_YOUR GOAL_
Copy the following data exactly and drop the pictures.

_SOURCE MATERIAL_
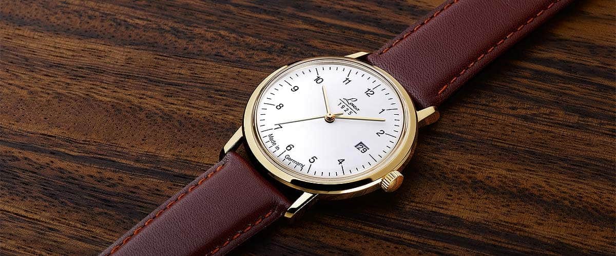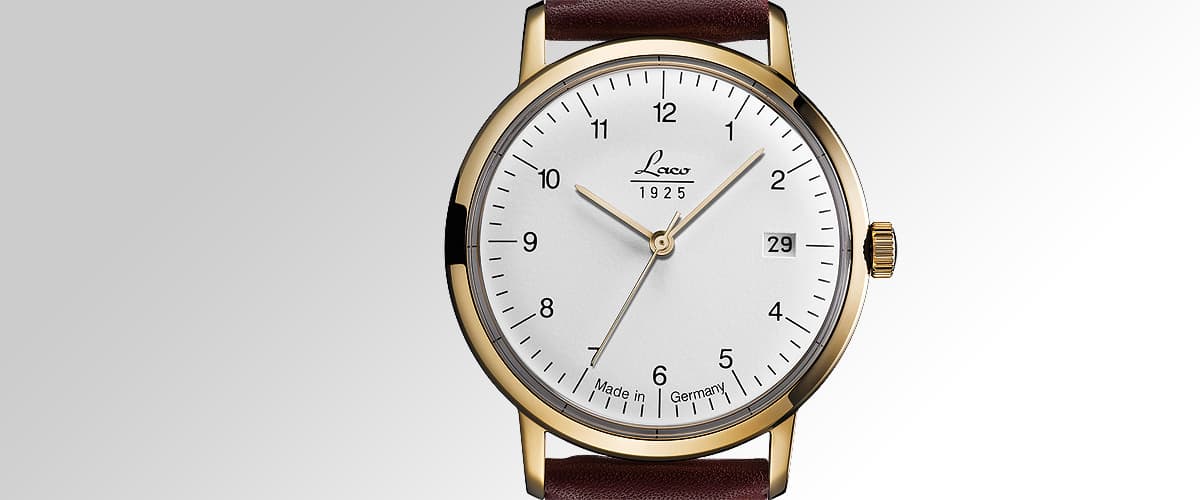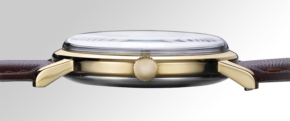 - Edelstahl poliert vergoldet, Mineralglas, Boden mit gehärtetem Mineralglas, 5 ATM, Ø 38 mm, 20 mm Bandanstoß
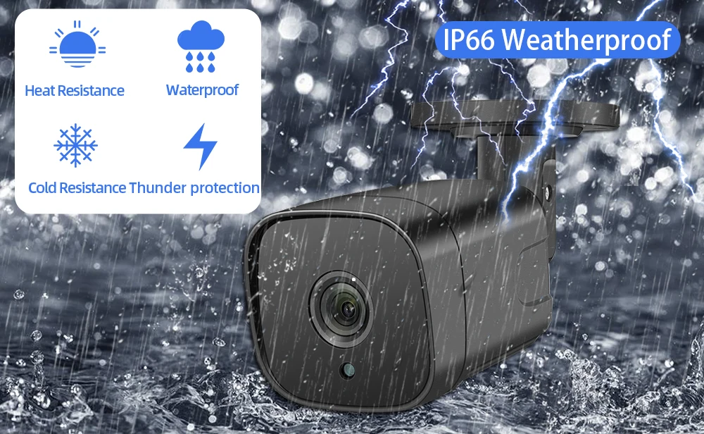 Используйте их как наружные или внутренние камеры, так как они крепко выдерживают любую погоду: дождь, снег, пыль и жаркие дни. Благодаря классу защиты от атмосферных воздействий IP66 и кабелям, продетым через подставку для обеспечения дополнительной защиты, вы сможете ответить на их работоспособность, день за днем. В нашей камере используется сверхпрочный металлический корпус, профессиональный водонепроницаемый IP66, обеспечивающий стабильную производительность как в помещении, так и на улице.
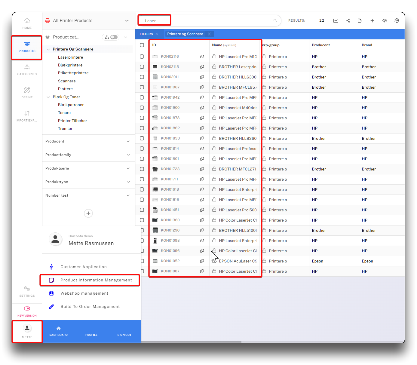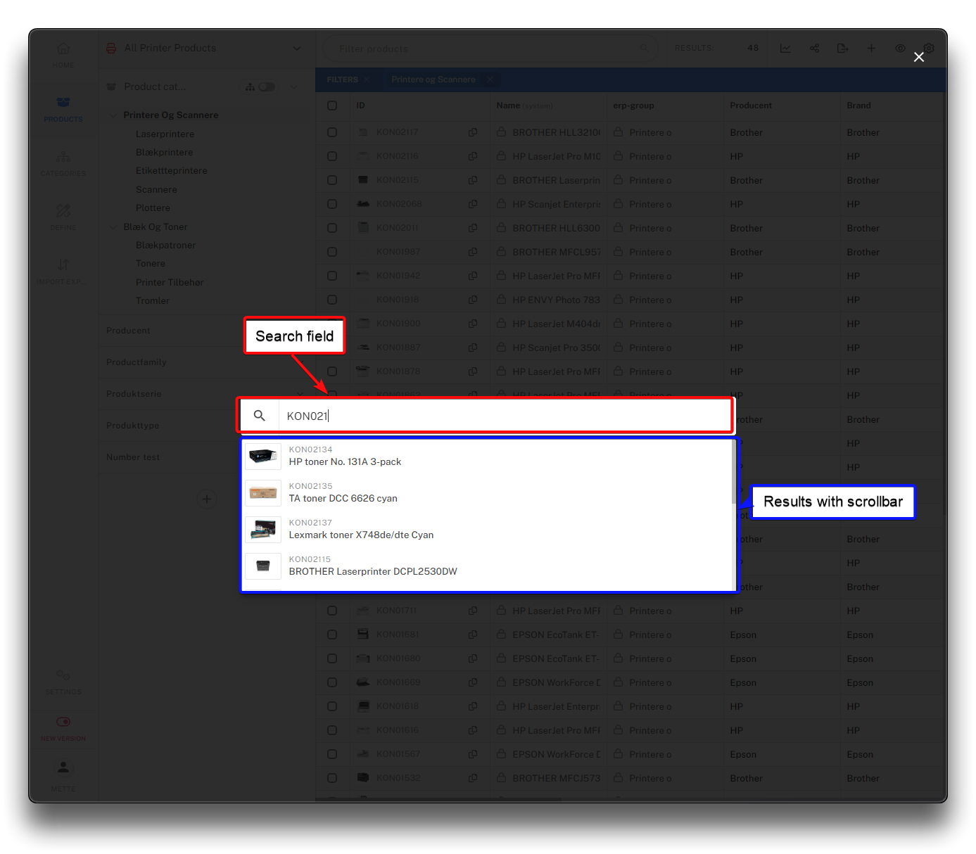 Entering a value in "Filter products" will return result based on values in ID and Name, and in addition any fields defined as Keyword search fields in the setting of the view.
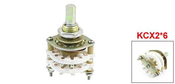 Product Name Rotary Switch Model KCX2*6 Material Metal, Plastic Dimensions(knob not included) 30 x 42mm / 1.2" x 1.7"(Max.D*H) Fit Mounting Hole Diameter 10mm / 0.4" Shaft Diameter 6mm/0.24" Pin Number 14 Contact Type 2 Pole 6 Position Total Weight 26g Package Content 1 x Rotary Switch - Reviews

_EXERCISE RESULT_
 - Edelstahl poliert vergoldet, Mineralglas, Boden mit gehärtetem Mineralglas, 5 ATM, Ø 38 mm, 20 mm Bandanstoß
 Используйте их как наружные или внутренние камеры, так как они крепко выдерживают любую погоду: дождь, снег, пыль и жаркие дни. Благодаря классу защиты от атмосферных воздействий IP66 и кабелям, продетым через подставку для обеспечения дополнительной защиты, вы сможете ответить на их работоспособность, день за днем. В нашей камере используется сверхпрочный металлический корпус, профессиональный водонепроницаемый IP66, обеспечивающий стабильную производительность как в помещении, так и на улице.
 Entering a value in "Filter products" will return result based on values in ID and Name, and in addition any fields defined as Keyword search fields in the setting of the view.
 Product Name Rotary Switch Model KCX2*6 Material Metal, Plastic Dimensions(knob not included) 30 x 42mm / 1.2" x 1.7"(Max.D*H) Fit Mounting Hole Diameter 10mm / 0.4" Shaft Diameter 6mm/0.24" Pin Number 14 Contact Type 2 Pole 6 Position Total Weight 26g Package Content 1 x Rotary Switch - Reviews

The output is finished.